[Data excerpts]
----------
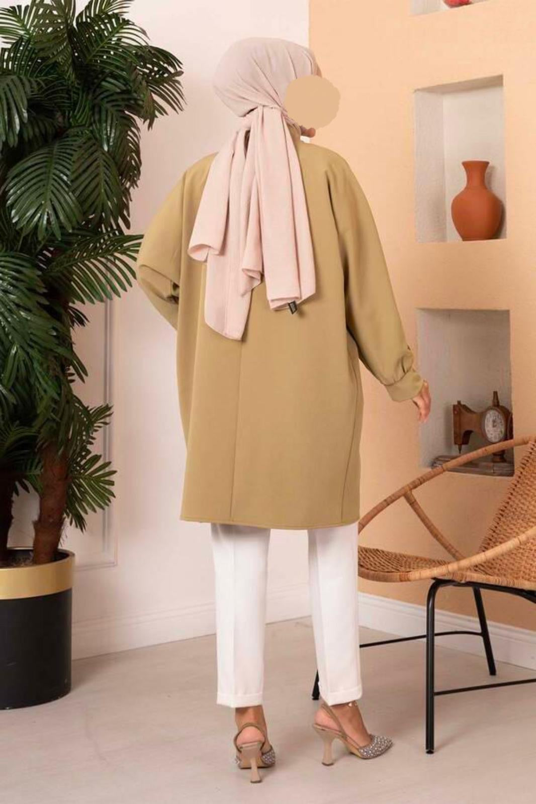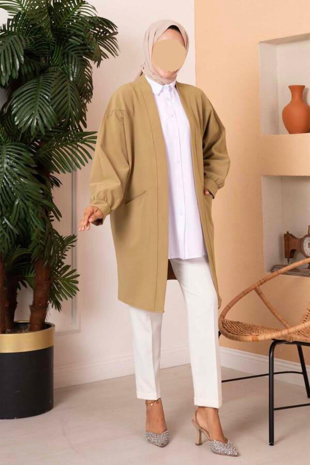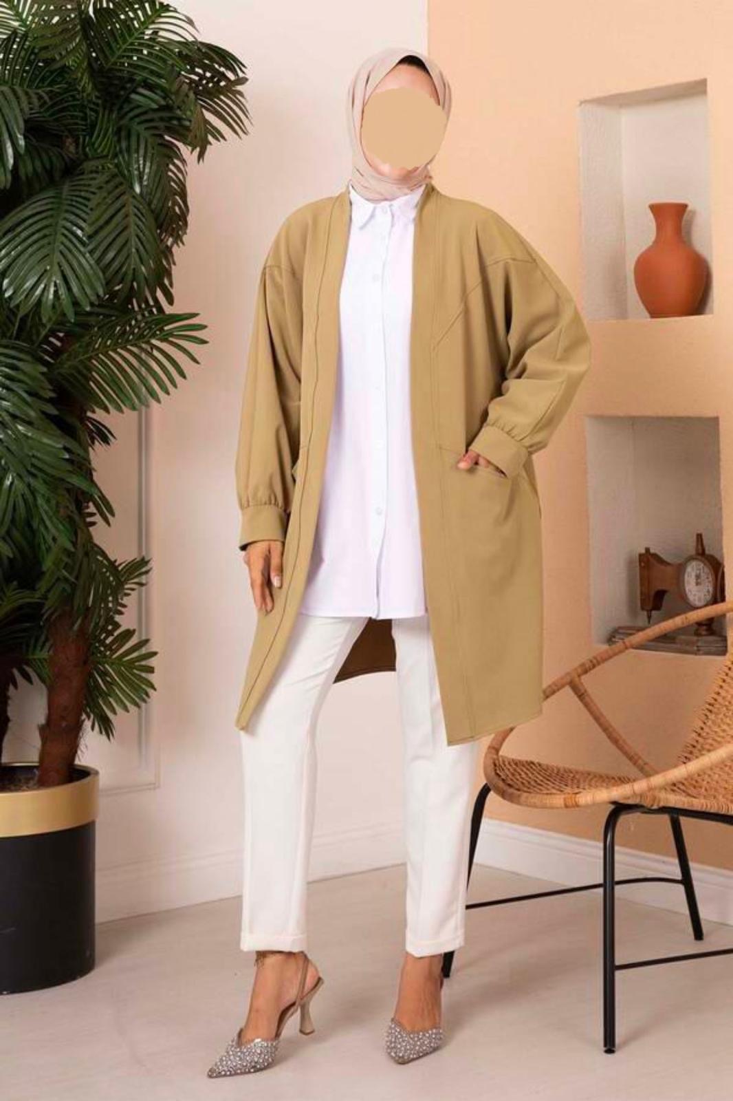 Das Jacke ist saisonal. Es hat Taschen, aber keine Knöpfe oder Reißverschlüsse. Es ist locker geschnitten.
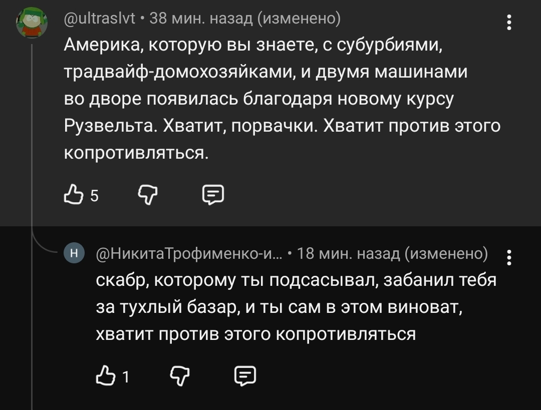 Пиздец вашему скабрику. Он видать попутал, думал можно спокойно на дистанции русских поносить, коммуняк, они не достанут. А местные рекаланты ему и правда ничего не сделают, ибо такие же по ментальности, как и сам скабр. Думал с грузинами тоже проканает, все хиханьки да хаханьки, панебратские подколы как за круглом столом в конфе островского, который за слова не считает нужным ни притягивать, ни тем более сажать. Грузины даже простят ему все высказывания за счет русофобии, уравняет мол, типа того. Но нет, скабрик. Грузины это Кавказ, как не крути, кровь не водица, и своих женщин, а тем более детей, они не позволят оскорблять. Здесь реальная жизнь, это Ирак, блядь, куда ты лезешь, грëбаный ковбой! Конечно, велика вероятность что он загасится, да и сам так думает, я считаю. Забудется и все, шанс есть что пронесет, но вряд ли. Еще может заставят извиняться местные националисты, и на этом съедет, а может обреют и краской умыться заставят. Ждем.
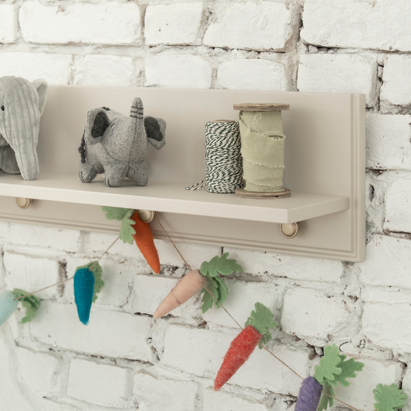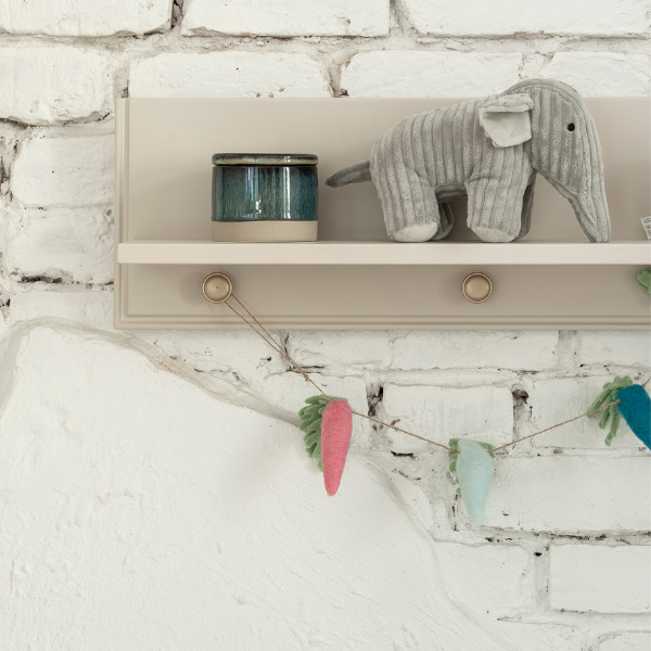 Stonowany odcień beżu, prosta forma i drewniane elementy sprawiają, że półka wygląda lekko i nowocześnie. Dobrze pasuje zarówno do pokoju malucha, jak i starszego dziecka czy nastolatka, dlatego nie traci sensu wraz ze zmianą aranżacji wnętrza.
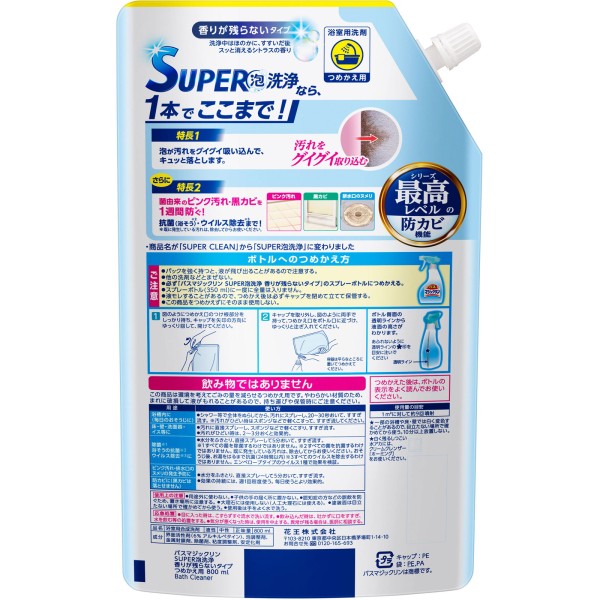 배스 매직린 SUPER 폼 향 남지 않는 스파우트 800ml 카오 > 욕실 클리너
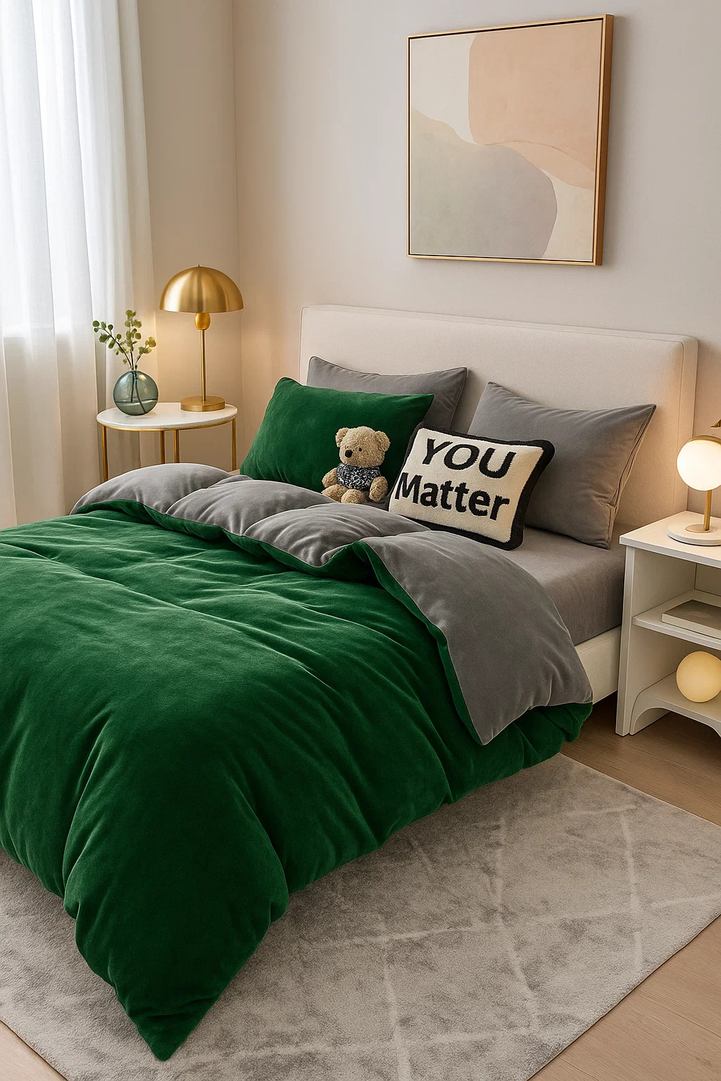 - Komplet pościeli ciepłej zimowej z pluszu, 200x220 polarowa, dwustronna poszewka na kołdrę i 2 x poszewka na poduszkę 70x80, pościel gładka, bez wzoru, dwukolorowa, butelkowa zielona, ciemna szara
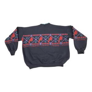 Vintage AU Sportswear Black XL Cardinal Geometric Motif Collared Sweatshirt
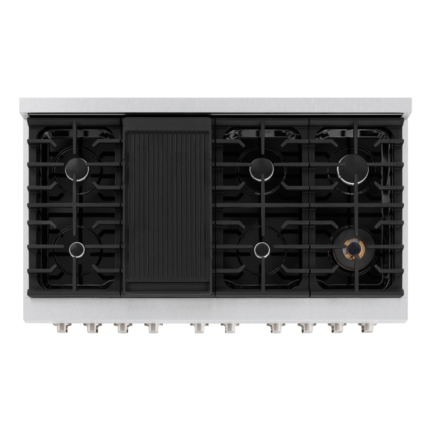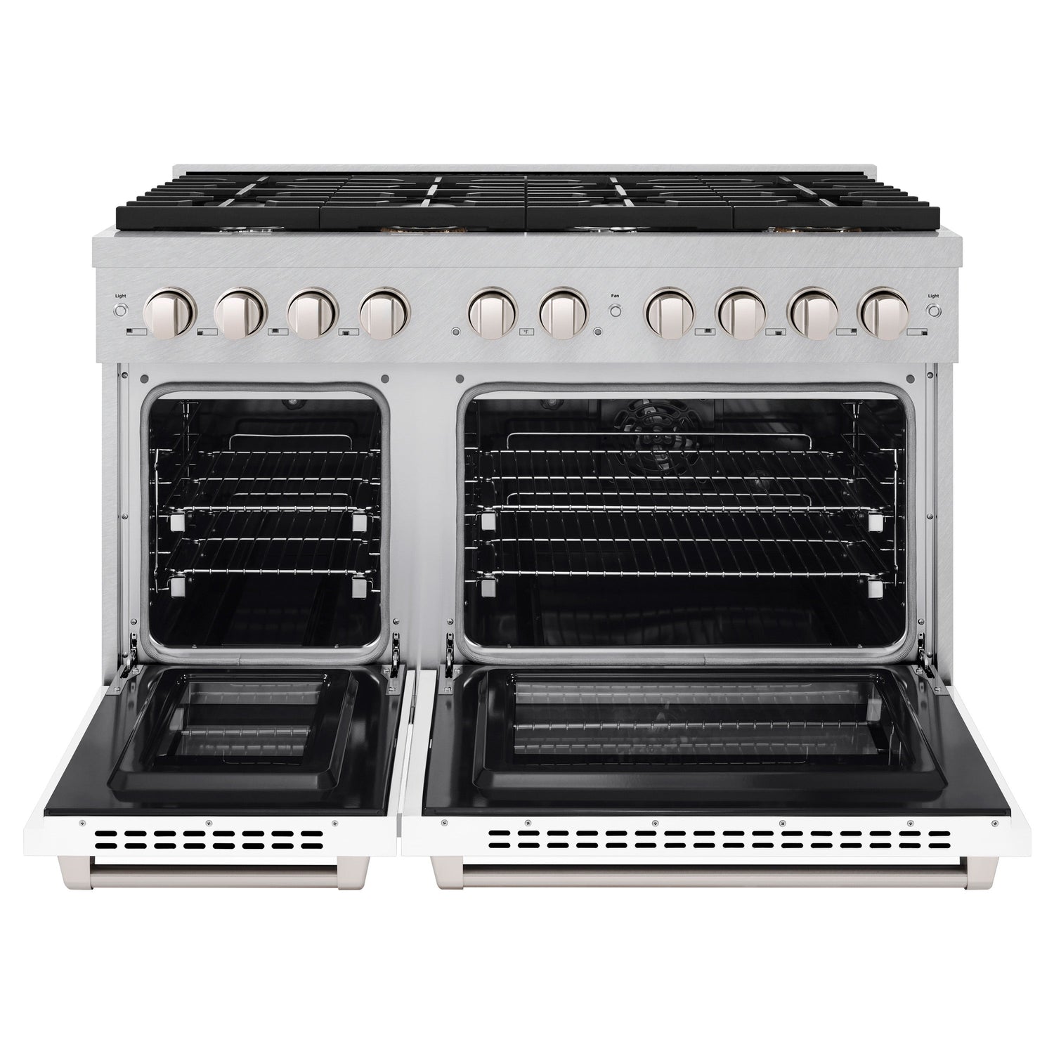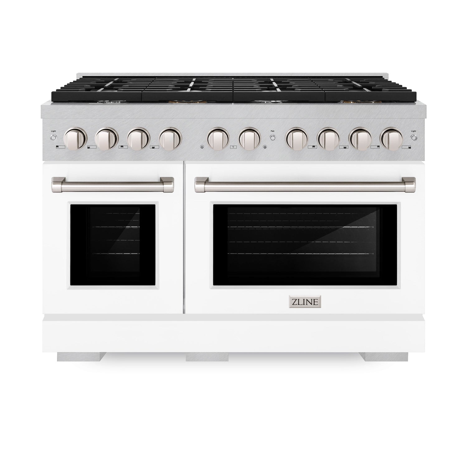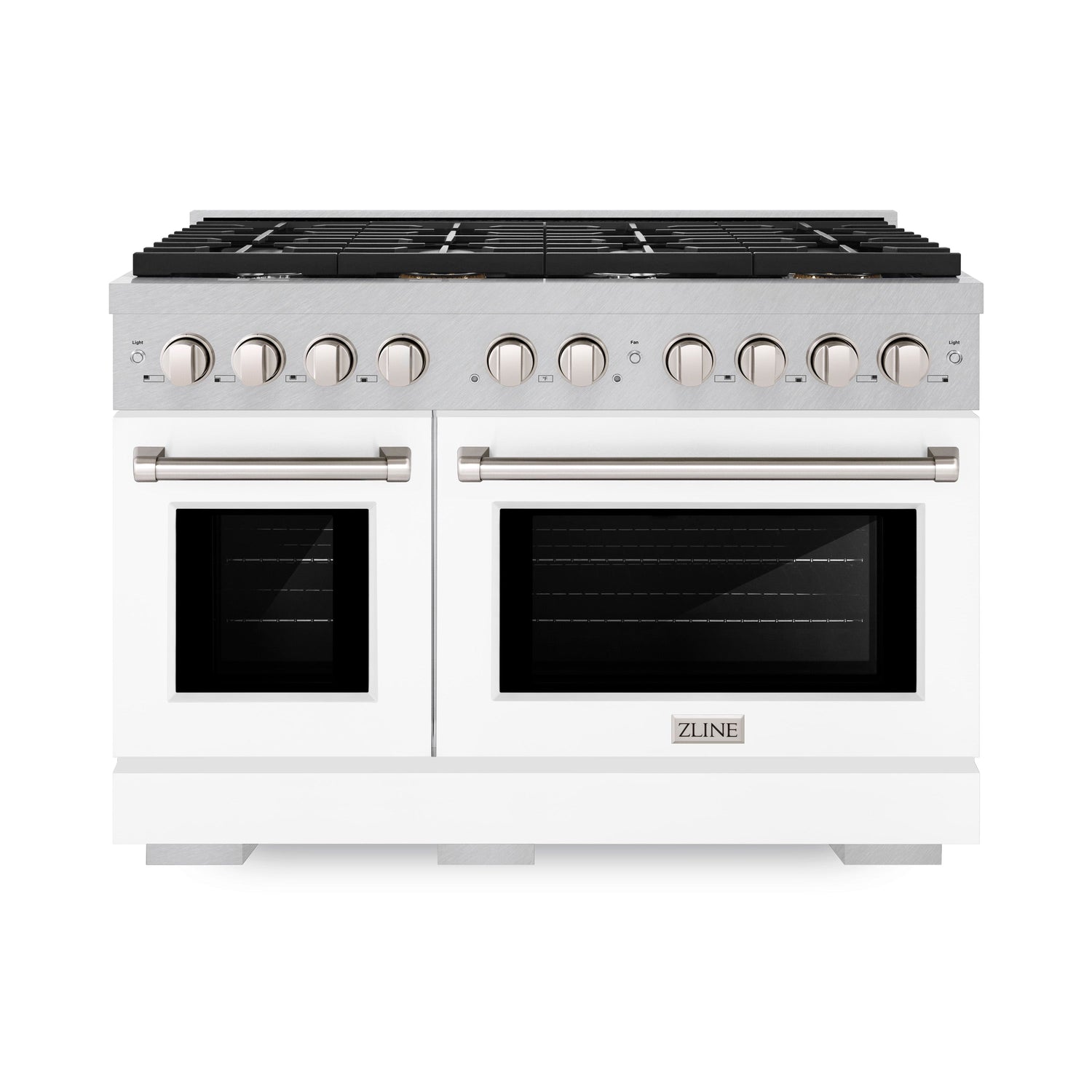 ZLINE 48 in. 6.7 cu. ft. Paramount Double Oven Dual Fuel Range with 8 Burner Gas Cooktop in Satin Stainless Steel with White Matte Doors (SDRS-WM-48)
----------
How to complete this task: Beginning with the line that contains "Vintage AU Sportswear", repeat every remaining line of the data exactly, the last line included, and omit pictures.

Task solution:
 Vintage AU Sportswear Black XL Cardinal Geometric Motif Collared Sweatshirt
 ZLINE 48 in. 6.7 cu. ft. Paramount Double Oven Dual Fuel Range with 8 Burner Gas Cooktop in Satin Stainless Steel with White Matte Doors (SDRS-WM-48)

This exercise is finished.